Activity
From the entries below, transcribe exactly the lines between the line holding "骑士后卫德拉维多瓦也早早结束" and the line holding "小编随意起的一些名字,给大家演示,选中起好的名字,点表格,文本转换成表格", inclusive; skip all other lines.

Material provided
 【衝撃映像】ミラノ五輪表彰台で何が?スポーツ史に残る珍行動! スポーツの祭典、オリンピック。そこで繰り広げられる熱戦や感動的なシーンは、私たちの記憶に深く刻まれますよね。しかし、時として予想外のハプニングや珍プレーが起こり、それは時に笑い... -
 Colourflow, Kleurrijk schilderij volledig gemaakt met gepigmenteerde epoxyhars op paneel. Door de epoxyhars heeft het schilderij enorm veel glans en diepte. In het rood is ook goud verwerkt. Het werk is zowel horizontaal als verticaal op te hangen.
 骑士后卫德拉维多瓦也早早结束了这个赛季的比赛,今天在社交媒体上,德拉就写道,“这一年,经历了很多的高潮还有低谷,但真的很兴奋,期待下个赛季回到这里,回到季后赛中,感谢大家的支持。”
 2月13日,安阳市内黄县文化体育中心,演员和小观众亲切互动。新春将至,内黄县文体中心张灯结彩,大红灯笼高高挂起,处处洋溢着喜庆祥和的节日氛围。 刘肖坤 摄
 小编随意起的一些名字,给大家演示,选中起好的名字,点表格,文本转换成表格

...

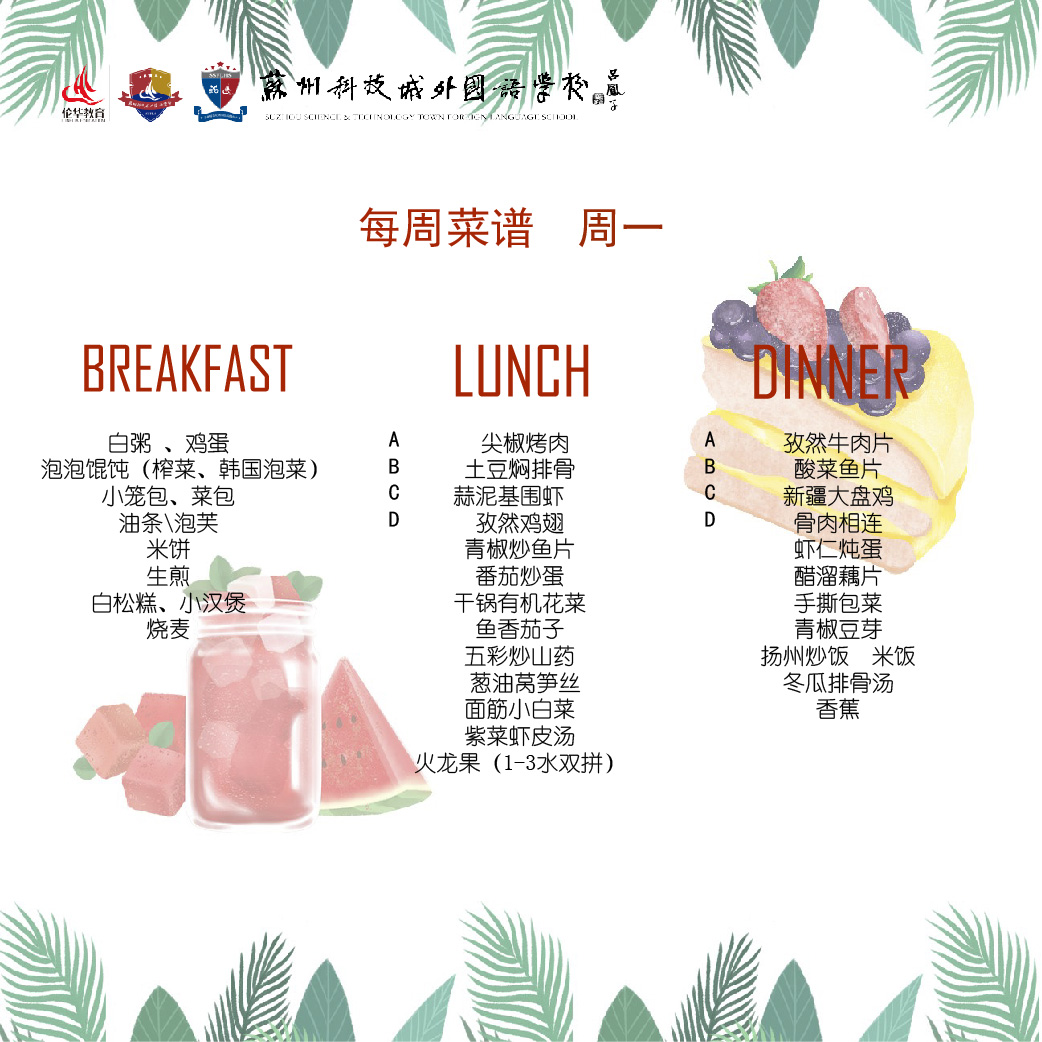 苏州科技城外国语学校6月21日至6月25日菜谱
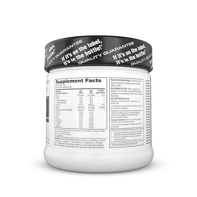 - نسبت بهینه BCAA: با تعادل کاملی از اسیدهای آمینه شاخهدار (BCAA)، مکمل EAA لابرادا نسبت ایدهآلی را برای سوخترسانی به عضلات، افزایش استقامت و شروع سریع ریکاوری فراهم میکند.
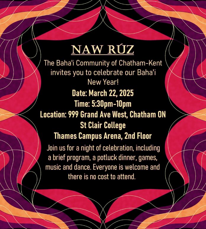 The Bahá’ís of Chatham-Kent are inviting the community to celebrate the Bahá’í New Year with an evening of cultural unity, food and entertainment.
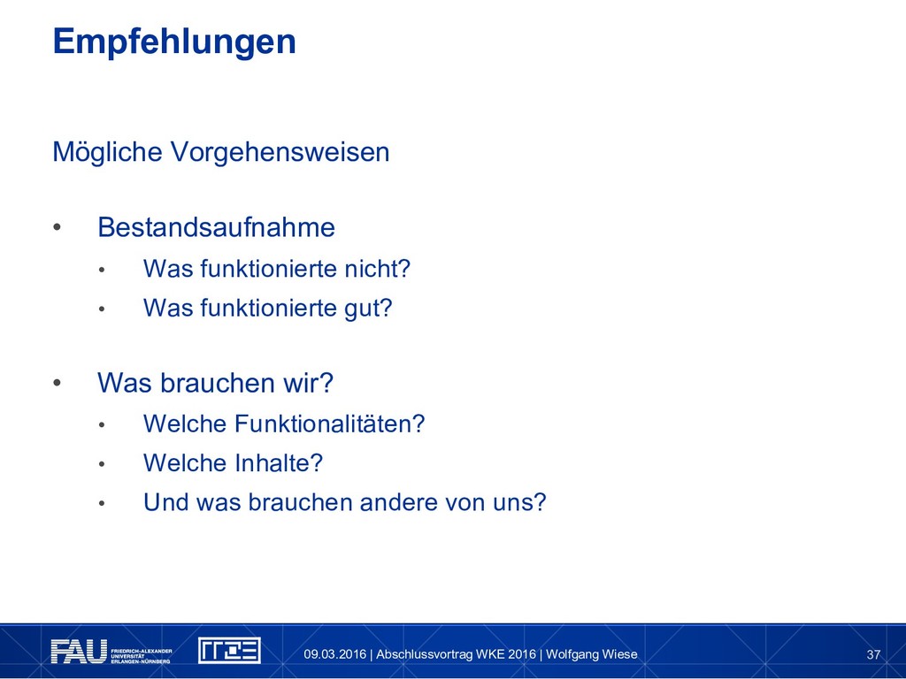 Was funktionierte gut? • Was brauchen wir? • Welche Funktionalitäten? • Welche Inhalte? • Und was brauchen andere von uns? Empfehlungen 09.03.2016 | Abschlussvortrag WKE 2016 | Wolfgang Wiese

Exercise solution
 骑士后卫德拉维多瓦也早早结束了这个赛季的比赛,今天在社交媒体上,德拉就写道,“这一年,经历了很多的高潮还有低谷,但真的很兴奋,期待下个赛季回到这里,回到季后赛中,感谢大家的支持。”
 2月13日,安阳市内黄县文化体育中心,演员和小观众亲切互动。新春将至,内黄县文体中心张灯结彩,大红灯笼高高挂起,处处洋溢着喜庆祥和的节日氛围。 刘肖坤 摄
 小编随意起的一些名字,给大家演示,选中起好的名字,点表格,文本转换成表格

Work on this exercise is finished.